The muffled maaahs started up as Al Ferron approached the barn, his rubber boots crunching through the late March snow. When the door opened, a three-week-old goat kid – the youngest in the herd – began excitedly weaving herself between Mr. Ferron’s legs, chin heavenward, anticipating her next meal.

Mr. Ferron held up his blue plastic pail of feed and, as though he was a conductor waving his baton, a cacophony of bleating rose from the altos, the tenors and one baritone, which roughly translated to “I want some!” “I’m hungry!” “GIVE ME!!!”

The herd of 65 goats in Long Settlement, N.B., has grown and shrunk and grown again since Al and his wife, Karen, both Jamaican-born, started the farm a few years ago. Spring is a busy time for the couple, as it means processing all their Easter orders. The requests came in months ago from African and Caribbean immigrants, all Christians, who want goat meat for their holiday dinners.

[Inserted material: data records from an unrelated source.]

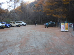 園原ICから広河原に向かうと一般車通行止めになり、そこが駐車場になっています。遠いところからのナンバーがずらり。さすが百名山です。 |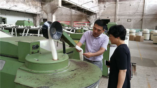 常州華吉主要經營生產碳化羊毛等系列產品,周惠中董事長在調研中介紹:華吉非常注重產品創新,在生產毛條、毛紗產品的基礎上,將自主研發的散毛預縮絲光工藝應用在羊毛被填充物上,大大提升羊毛被水洗性和防鉆絨性。近期企業又結合自身麻紡生產線,積極探索通過復合纖維形式將亞麻的優良特性應用在被類產品上。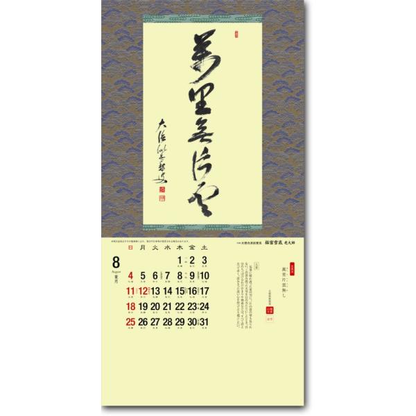 近代の高僧墨蹟を集めた小判カレンダーです。大き過ぎない洒落た趣で、茶室や玄関先など幅広くお使い頂けます。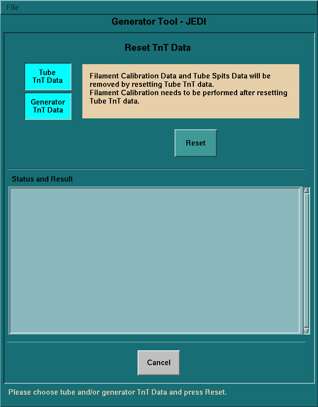 Use this tool to reset the Tracking and Trending data stored in the JEDI Generator. This tool can reset either the Tube or the Generator TnT data. To initiate the selected operation, press Reset.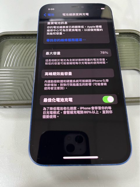 物品狀況:電池健康度78%(原廠電池沒換過)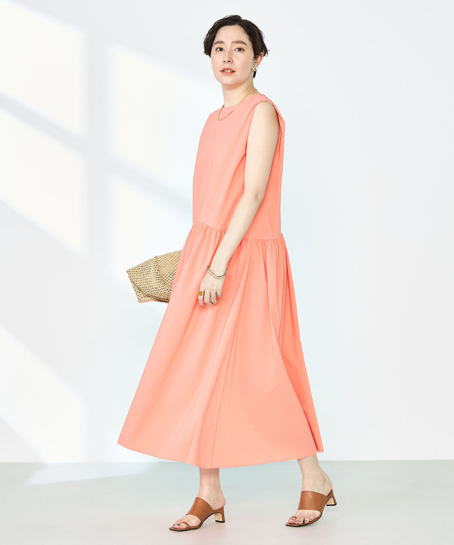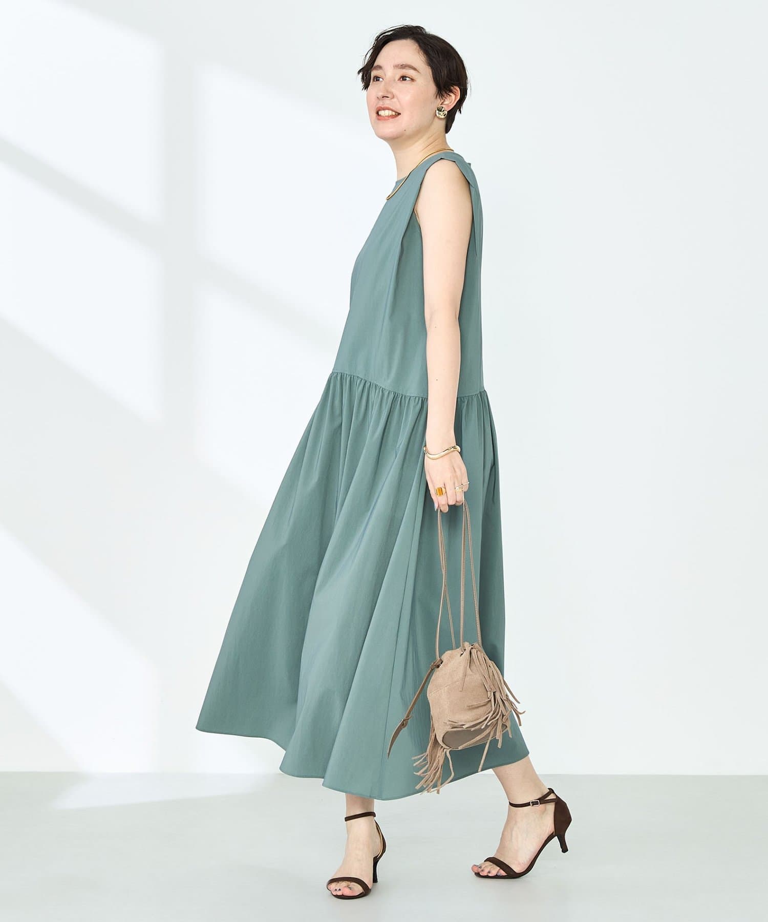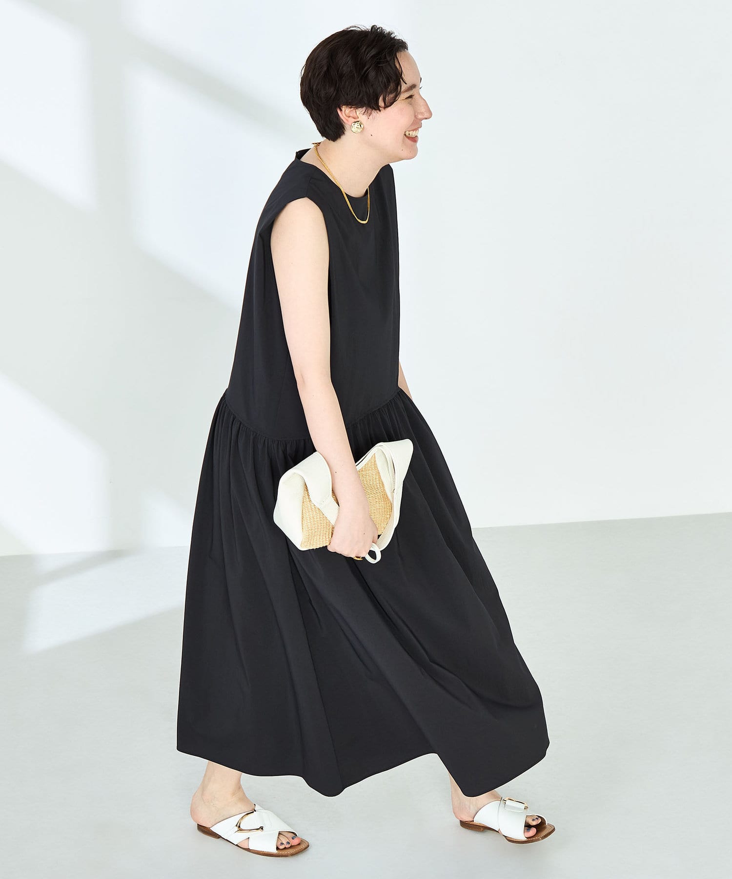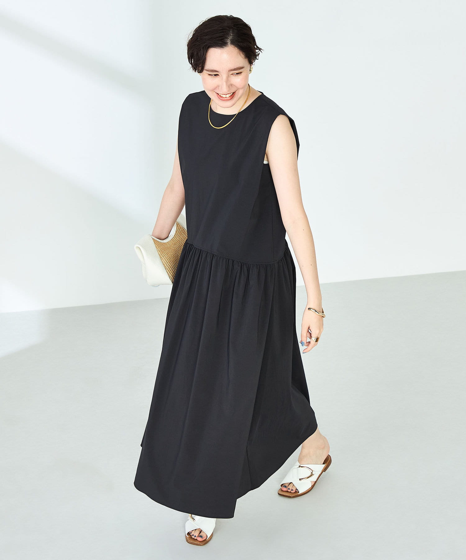 ・肩タック入りで気になる腕廻りをカバーしてくれるギャザー入りワンピース

The last decade of immigration-fuelled population growth in Canada has created an unprecedented demand for goat meat – and the fledgling domestic industry is struggling to keep up. Newcomers from the global south who were once used to buying fresh, locally raised meat to make Jamaican curry goat, Kashmiri rogan josh, Congolese goat stew and Yemeni goat mandi want to carry on their culinary traditions, but often have to resort to buying frozen meat shipped halfway around the world.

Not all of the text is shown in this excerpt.